One other point. I see that VFITX is up over 7% this year as people flee to treasuries. Does that in itself add to the risk of the switch?

It's hard for me to yell loudly enough, but here goes . . . YES!!!!

Treasuries are the richest investment on the planet right now. Short-dated bills can be used as a tool for capital preservation (although with likely negative real returns) but longer-dated treasuries have fairly meaningful downside risk, in my view. Unless you are expecting a serious bout of deflation, I'd avoid them. And even at the short-end of the curve, much better yields can be found in bank CDs, which are essentially US government risk (as long as you abide by the investment maximums).
 
Thanks YRS. I am concerned about preservation being a pessimist at heart. What do you see as the % down side on the Treasury Fund and what do you think of the obligor risk in the Total Bond Index.

Zman
 
As far as the VFITX goes, I'd say a complete retrace of the 7% gain this year is possible if credit markets get back to normal in the next 12 months. There is a huge arbitrage opportunity between treasuries and high quality corporates that someone will eventually want to exploit. The US may also add $1 trillion in new treasury supplies next year which can't help that market. Of course, I'm more optimistic than most that risk markets are currently oversold. If I'm wrong, the flight to quality could continue.
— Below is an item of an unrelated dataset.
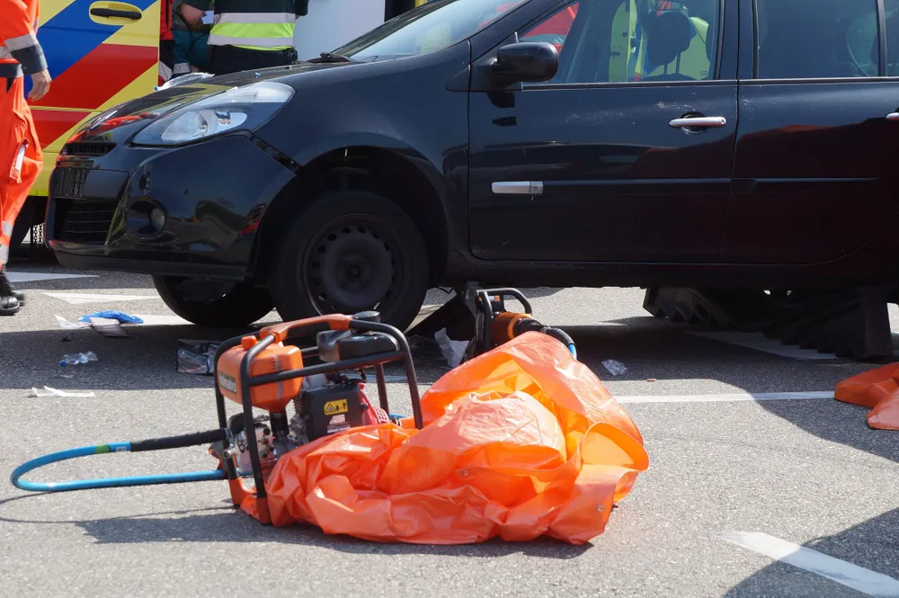 De brandweer heeft hem uit zijn beknelde positie bevrijd door de auto op te tillen. Het slachtoffer is na een behandeling op de plaats van het ongeval met spoed naar het ziekenhuis gebracht.

With respect to the default risk embedded in the Total Bond Market Index, I haven't a clue. But the index is almost 74% Treasuries and Agencies which won't default. So if every other security went bankrupt and we assumed zero recovery (an absurd set of assumptions), the portfolio loss from that would be 26%. With a portfolio duration of 4.7 years, I'd say you're wearing more interest rate risk in the Index than you are default risk.
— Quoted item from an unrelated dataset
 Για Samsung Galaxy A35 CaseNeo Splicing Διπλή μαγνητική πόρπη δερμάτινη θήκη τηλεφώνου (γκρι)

Personally I've been moving money out of the index recently into high grade & high yield corporates. TIPs look interesting too, but I don't own any. I recently moved my "safe" money from a single state tax-exempt money market fund to a Treasury MM. I'll probably move a big chunk of that to some kind of laddered CD scheme, but haven't had time as of yet.
 
Thanks again YRS.

Any thoughts out there on "the default risk embedded in the Total Bond Market Index", as I think that is the focus of the WSJ pessimism on the Bond Funds. At least it is the focus to the extent it results in the selling or overselling of that market. And that gets back to my other point. Why has VBMX held up fairly well while other bond funds have suffered?
 
Thanks again YRS.

Any thoughts out there on "the default risk embedded in the Total Bond Market Index", as I think that is the focus of the WSJ pessimism on the Bond Funds. At least it is the focus to the extent it results in the selling or overselling of that market. And that gets back to my other point. Why has VBMX held up fairly well while other bond funds have suffered?

Hey Z, I added some comments to my previous post that might help on the Index.

As to why the Index has held up, it is because the gains from the large Treasury and Agency component have offset declines in CMBS, finance, asset backed & other. Diversification at work.